Supplied material
· · · · ·
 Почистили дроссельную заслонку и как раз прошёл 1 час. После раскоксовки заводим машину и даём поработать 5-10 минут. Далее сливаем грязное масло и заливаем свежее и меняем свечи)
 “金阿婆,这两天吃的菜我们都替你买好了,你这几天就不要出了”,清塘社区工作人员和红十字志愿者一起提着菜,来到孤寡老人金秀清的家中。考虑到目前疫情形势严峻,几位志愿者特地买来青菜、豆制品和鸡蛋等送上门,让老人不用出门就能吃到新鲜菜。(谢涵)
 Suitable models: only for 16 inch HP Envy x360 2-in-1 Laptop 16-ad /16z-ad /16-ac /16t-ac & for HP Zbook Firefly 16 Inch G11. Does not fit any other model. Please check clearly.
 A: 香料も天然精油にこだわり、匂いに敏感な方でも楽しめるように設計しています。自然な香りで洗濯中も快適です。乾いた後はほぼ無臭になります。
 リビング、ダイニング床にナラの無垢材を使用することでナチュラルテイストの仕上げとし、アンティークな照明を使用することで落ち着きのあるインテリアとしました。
· · · · ·
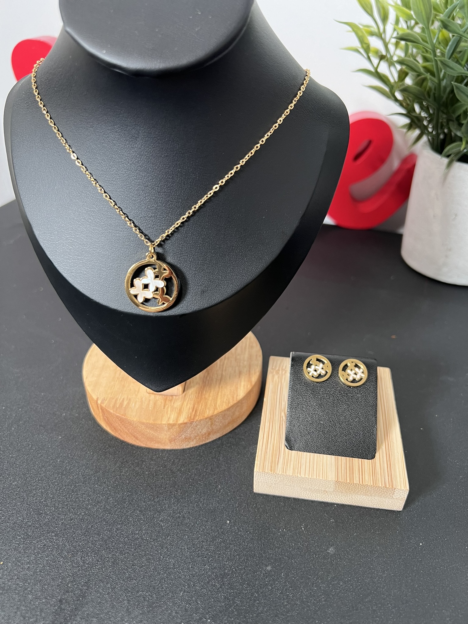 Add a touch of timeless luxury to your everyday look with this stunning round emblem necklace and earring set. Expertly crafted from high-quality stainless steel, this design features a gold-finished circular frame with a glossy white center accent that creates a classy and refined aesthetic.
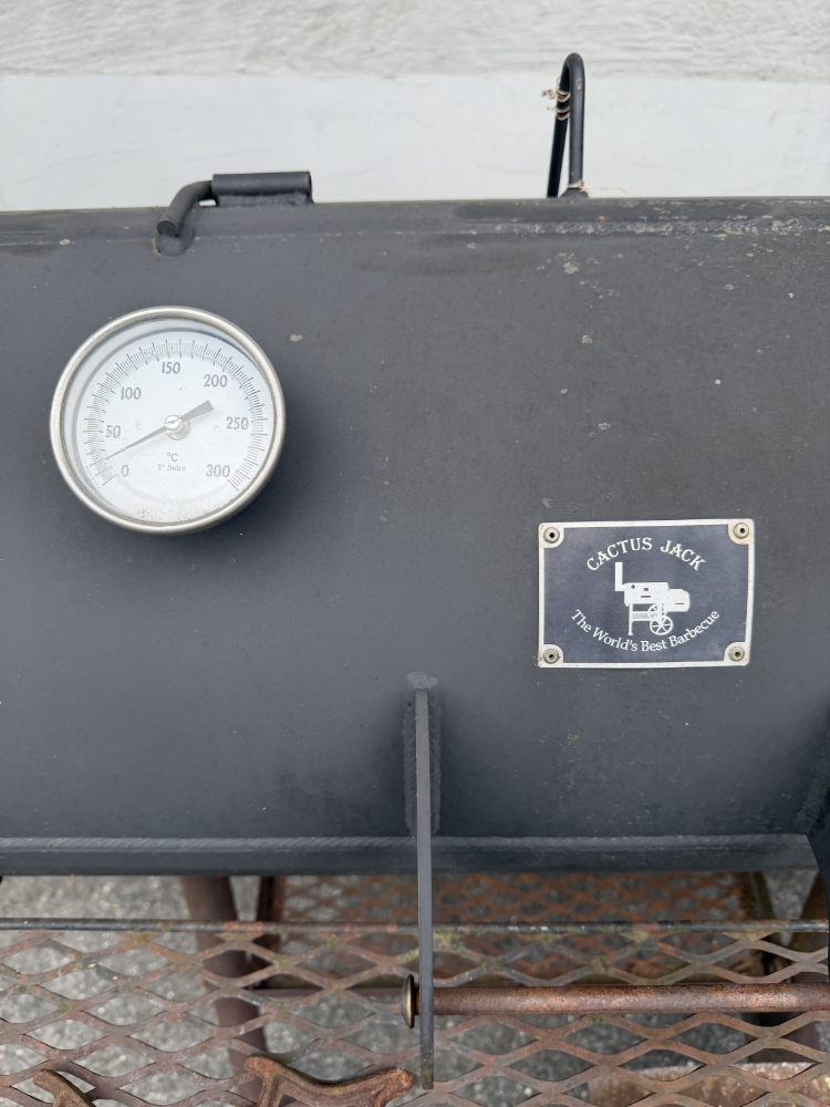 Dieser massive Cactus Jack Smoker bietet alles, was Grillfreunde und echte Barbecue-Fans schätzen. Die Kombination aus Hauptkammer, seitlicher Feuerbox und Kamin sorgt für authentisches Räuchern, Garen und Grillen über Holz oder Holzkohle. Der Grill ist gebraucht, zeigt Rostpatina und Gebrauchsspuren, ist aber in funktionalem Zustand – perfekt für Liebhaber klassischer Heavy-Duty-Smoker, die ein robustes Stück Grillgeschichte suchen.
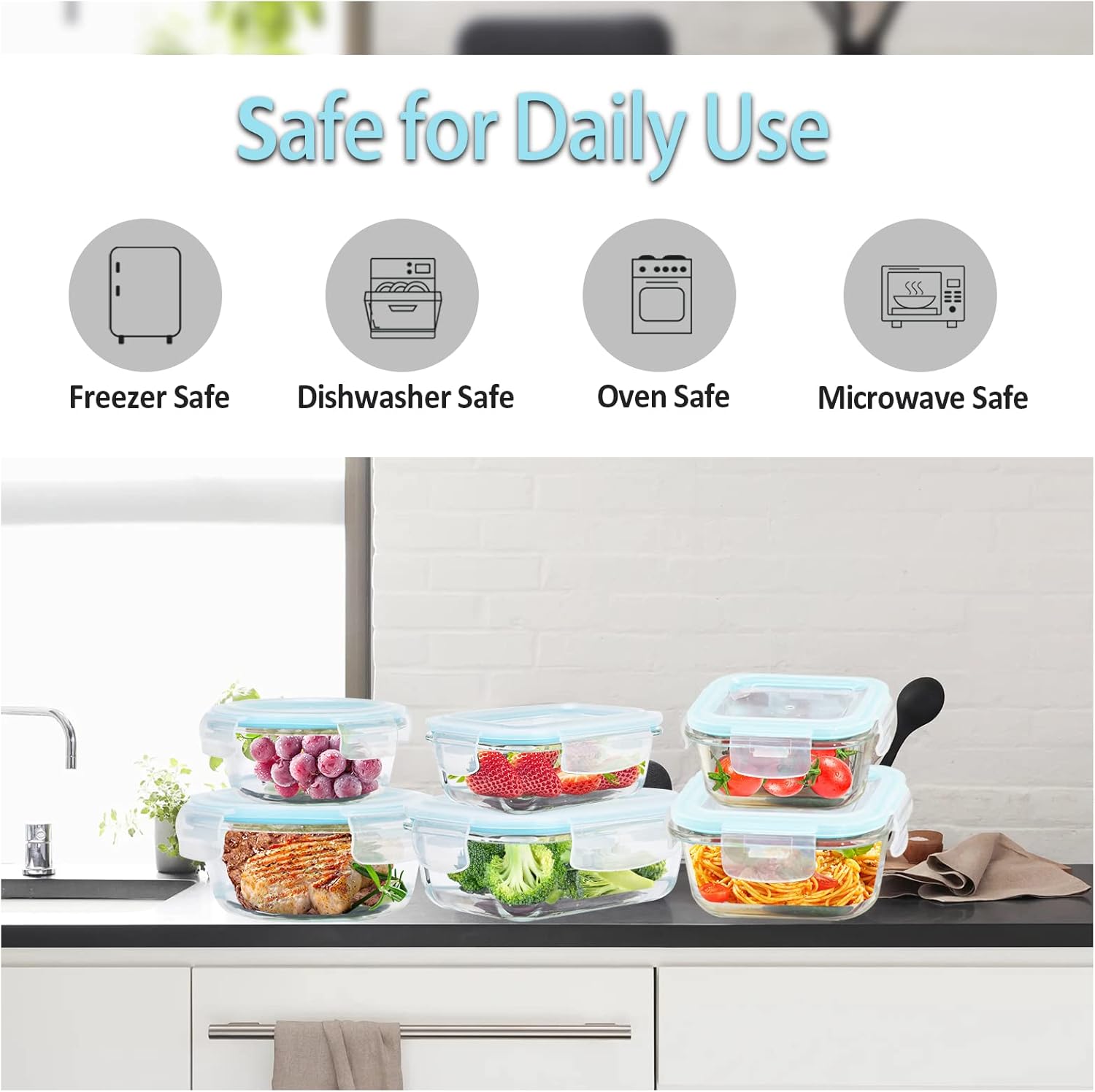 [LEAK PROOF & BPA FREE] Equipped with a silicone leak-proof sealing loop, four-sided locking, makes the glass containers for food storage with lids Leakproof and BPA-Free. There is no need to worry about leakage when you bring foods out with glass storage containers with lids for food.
· · · · ·
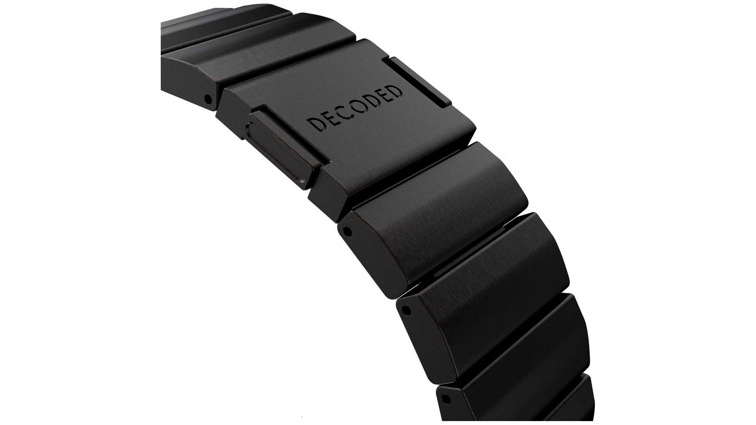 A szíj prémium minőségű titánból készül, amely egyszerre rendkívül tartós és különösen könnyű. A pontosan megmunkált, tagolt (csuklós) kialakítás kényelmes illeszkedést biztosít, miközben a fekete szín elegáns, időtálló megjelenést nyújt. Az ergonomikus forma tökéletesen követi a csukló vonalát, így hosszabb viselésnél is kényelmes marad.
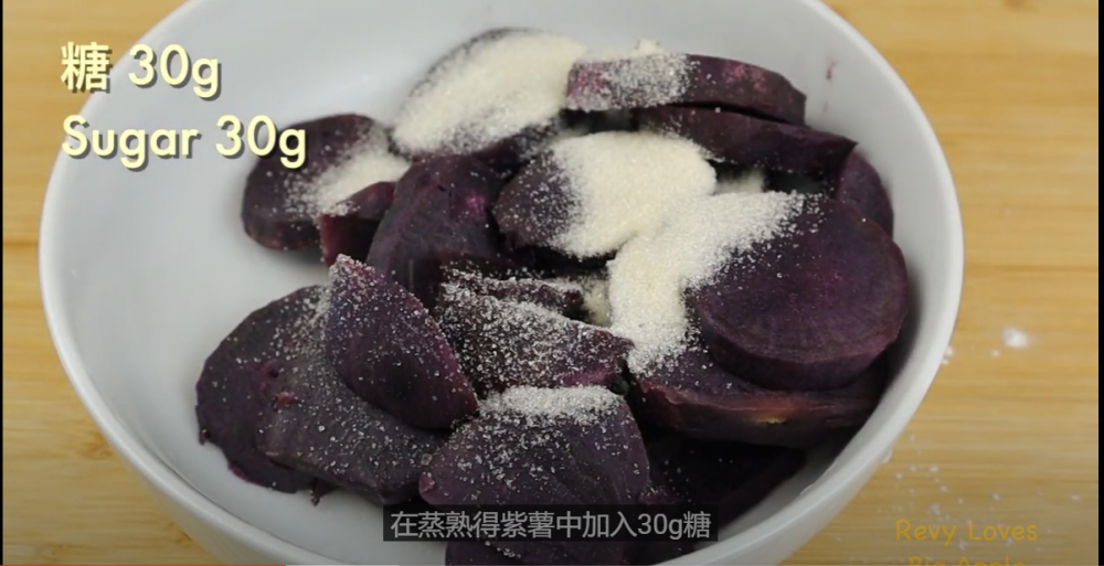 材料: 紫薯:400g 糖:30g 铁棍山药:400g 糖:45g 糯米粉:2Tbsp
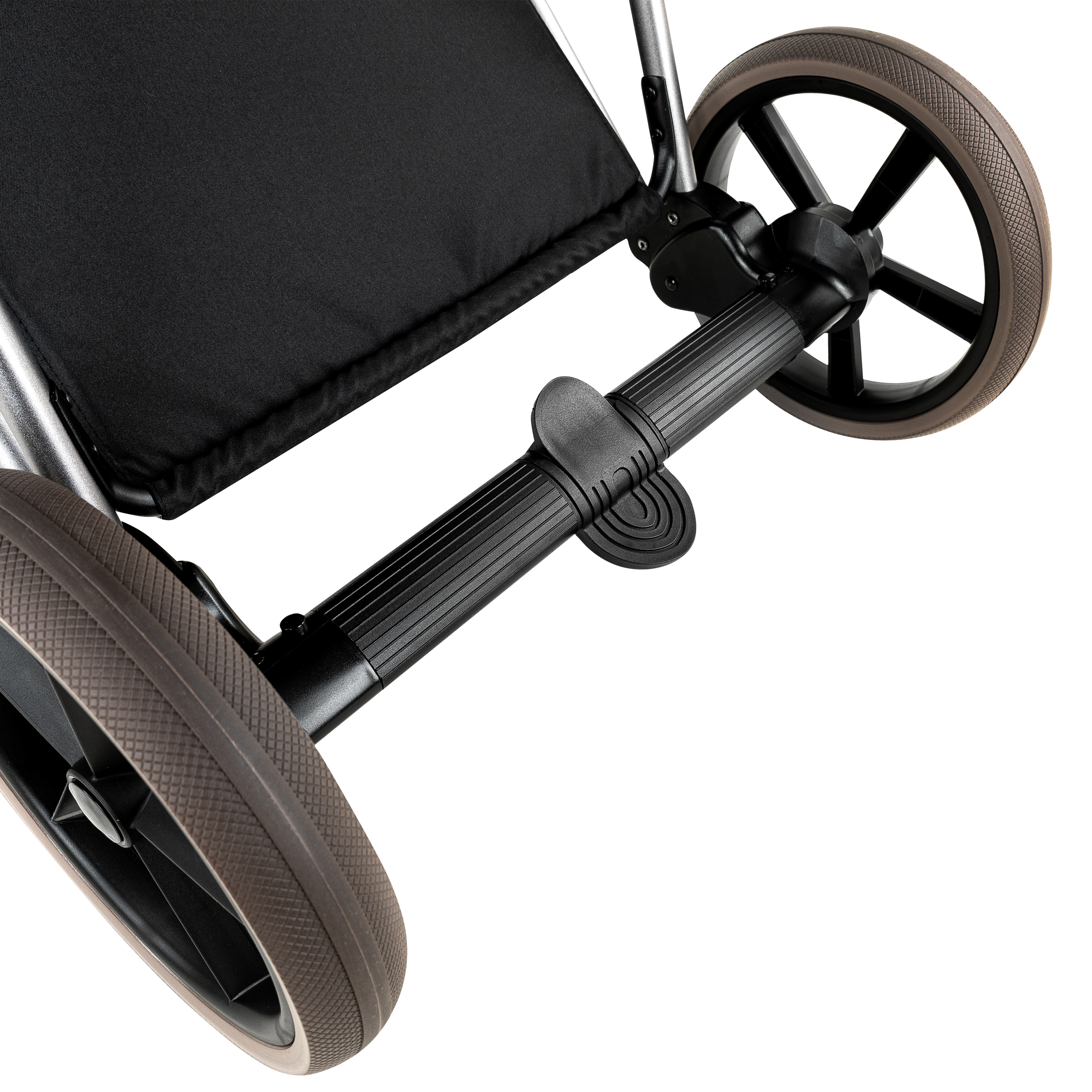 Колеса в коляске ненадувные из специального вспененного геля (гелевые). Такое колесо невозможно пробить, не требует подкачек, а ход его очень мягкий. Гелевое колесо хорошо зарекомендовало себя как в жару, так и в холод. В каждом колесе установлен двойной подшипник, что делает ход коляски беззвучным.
· · · · ·
Work required
Extract from the listing above the lines between the line containing "A: 香料も天然精油にこだわ" and the line containing "リビング、ダイニング床にナラ", keeping both of those lines. Output nothing else.

Task answer
 A: 香料も天然精油にこだわり、匂いに敏感な方でも楽しめるように設計しています。自然な香りで洗濯中も快適です。乾いた後はほぼ無臭になります。
 リビング、ダイニング床にナラの無垢材を使用することでナチュラルテイストの仕上げとし、アンティークな照明を使用することで落ち着きのあるインテリアとしました。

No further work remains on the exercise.